**What is required**
Go through the records below and set each one down exactly, leaving out any pictures.
***** Data records *****
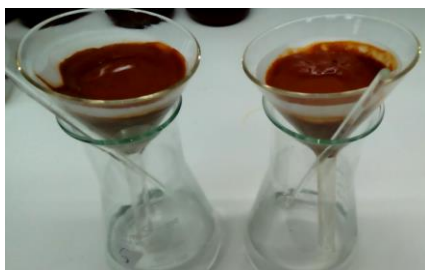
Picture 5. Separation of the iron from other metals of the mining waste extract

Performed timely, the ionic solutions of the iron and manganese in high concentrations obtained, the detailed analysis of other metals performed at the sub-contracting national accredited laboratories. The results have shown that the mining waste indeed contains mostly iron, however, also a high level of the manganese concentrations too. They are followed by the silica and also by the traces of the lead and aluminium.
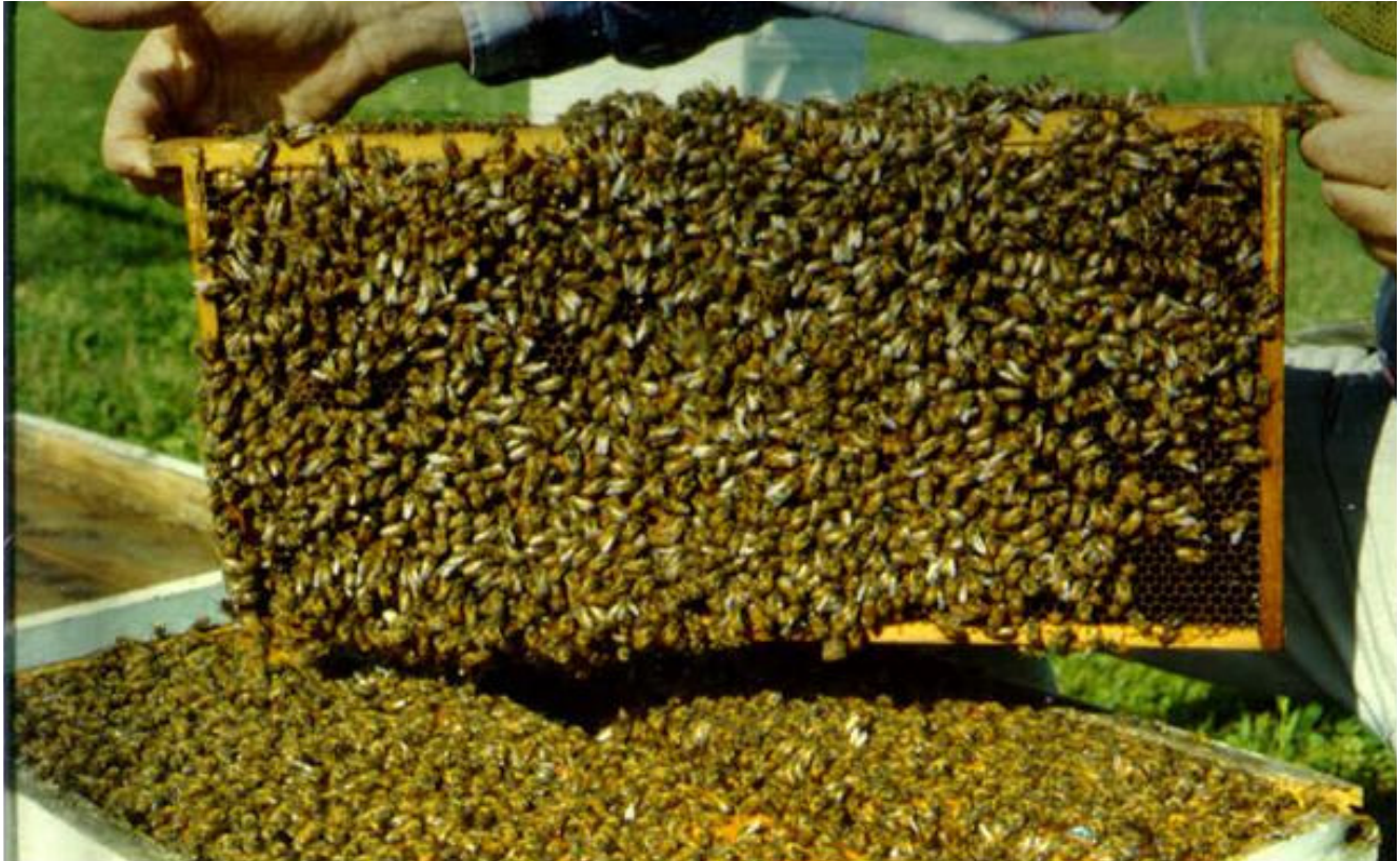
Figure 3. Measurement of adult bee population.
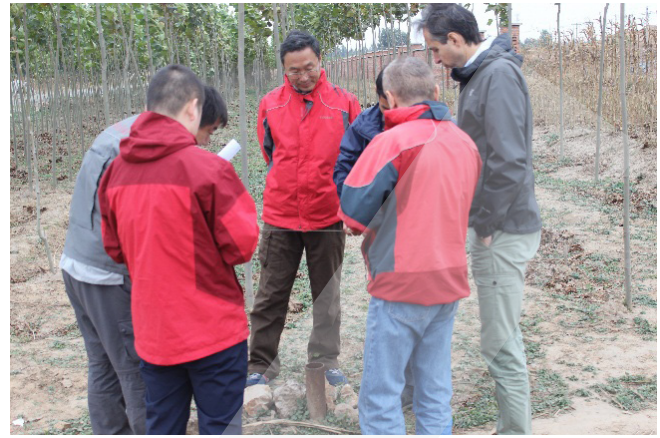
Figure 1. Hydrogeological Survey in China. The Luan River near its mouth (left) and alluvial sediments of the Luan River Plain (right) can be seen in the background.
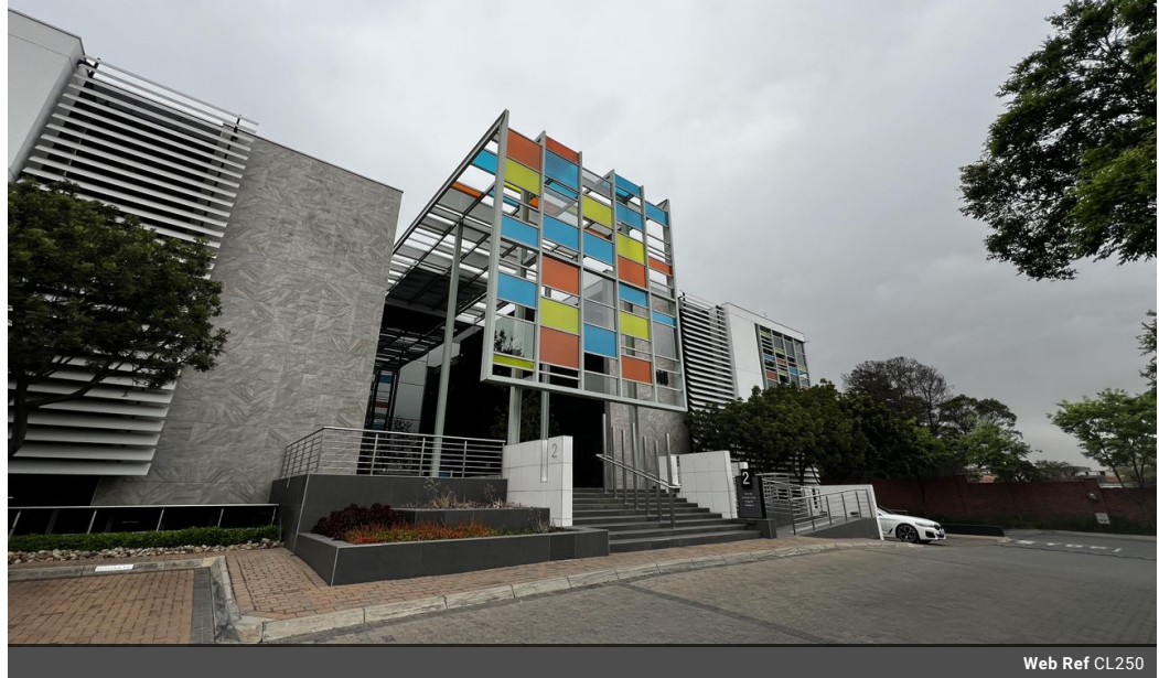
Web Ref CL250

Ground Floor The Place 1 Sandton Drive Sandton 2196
*****
**Solution to this problem**
Picture 5. Separation of the iron from other metals of the mining waste extract

Performed timely, the ionic solutions of the iron and manganese in high concentrations obtained, the detailed analysis of other metals performed at the sub-contracting national accredited laboratories. The results have shown that the mining waste indeed contains mostly iron, however, also a high level of the manganese concentrations too. They are followed by the silica and also by the traces of the lead and aluminium.
Figure 3. Measurement of adult bee population.
Figure 1. Hydrogeological Survey in China. The Luan River near its mouth (left) and alluvial sediments of the Luan River Plain (right) can be seen in the background.
Web Ref CL250

Ground Floor The Place 1 Sandton Drive Sandton 2196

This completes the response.